■ Your objective ■
Would you transcribe the whole listing exactly and drop its images?

■ Information shown ■
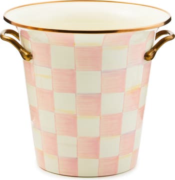 Your favorite vintage is so much more appetizing when served up in the hand-painted color-dragged checks of this enameled-steel wine cooler.
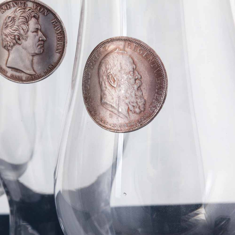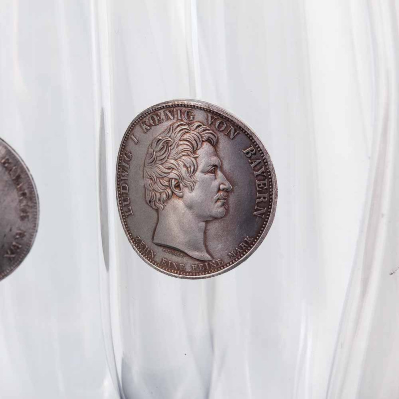 Этот роскошный набор создан для подлинных ценителей пива, истории и королевской эстетики. Три бокала из тонкого богемского стекла образуют единый ансамбль, вдохновленный наследием Баварской монархии. Каждый бокал украшен репликой посеребренной монеты с образом одного из трех знаковых правителей:
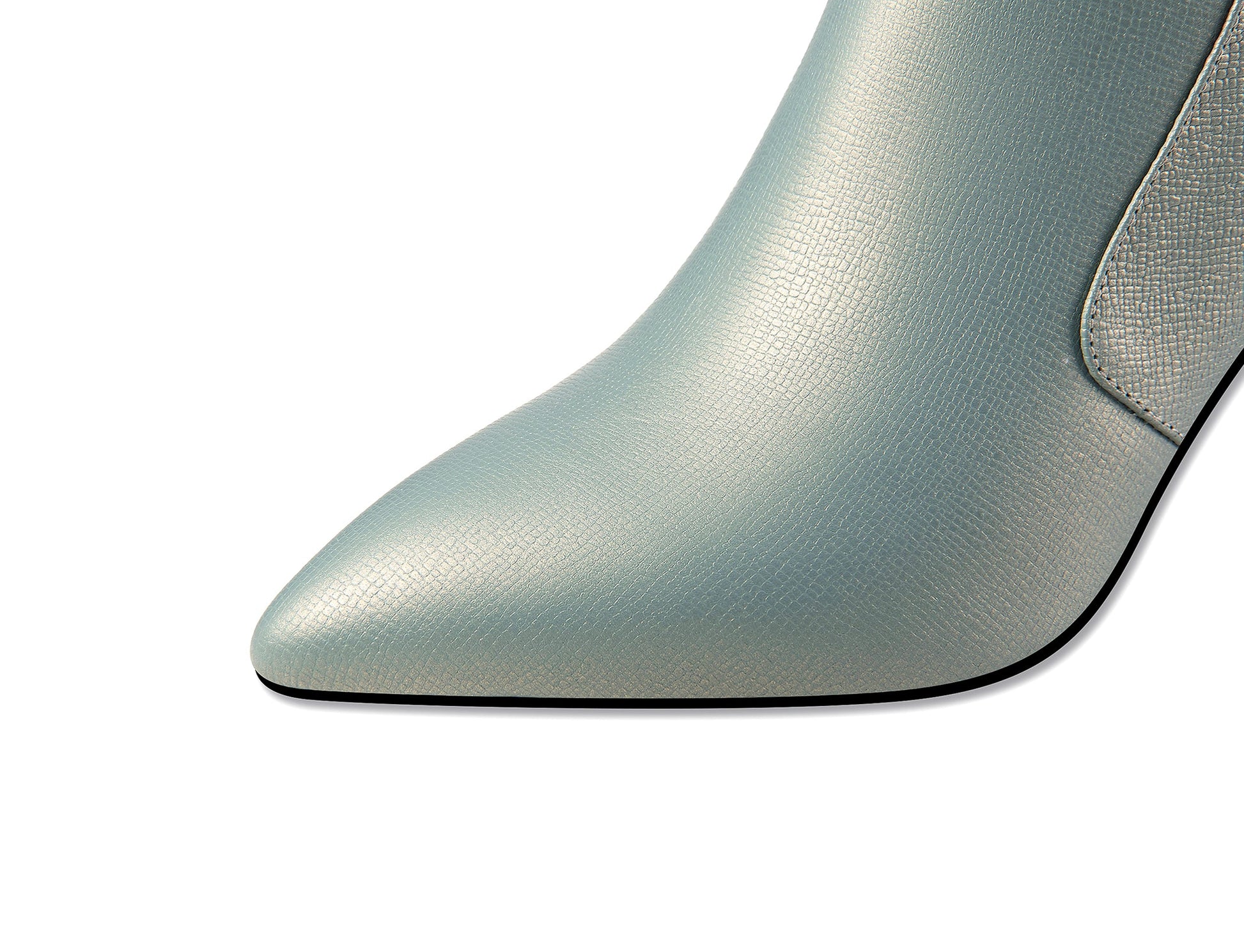 Stylish ankle boots are designed with genuine leather, pointed toe, high spool heel, side zip and modern belt to keep up with fashion trend and give you visual enjoyment.

■ Answer to this problem ■
 Your favorite vintage is so much more appetizing when served up in the hand-painted color-dragged checks of this enameled-steel wine cooler.
 Этот роскошный набор создан для подлинных ценителей пива, истории и королевской эстетики. Три бокала из тонкого богемского стекла образуют единый ансамбль, вдохновленный наследием Баварской монархии. Каждый бокал украшен репликой посеребренной монеты с образом одного из трех знаковых правителей:
 Stylish ankle boots are designed with genuine leather, pointed toe, high spool heel, side zip and modern belt to keep up with fashion trend and give you visual enjoyment.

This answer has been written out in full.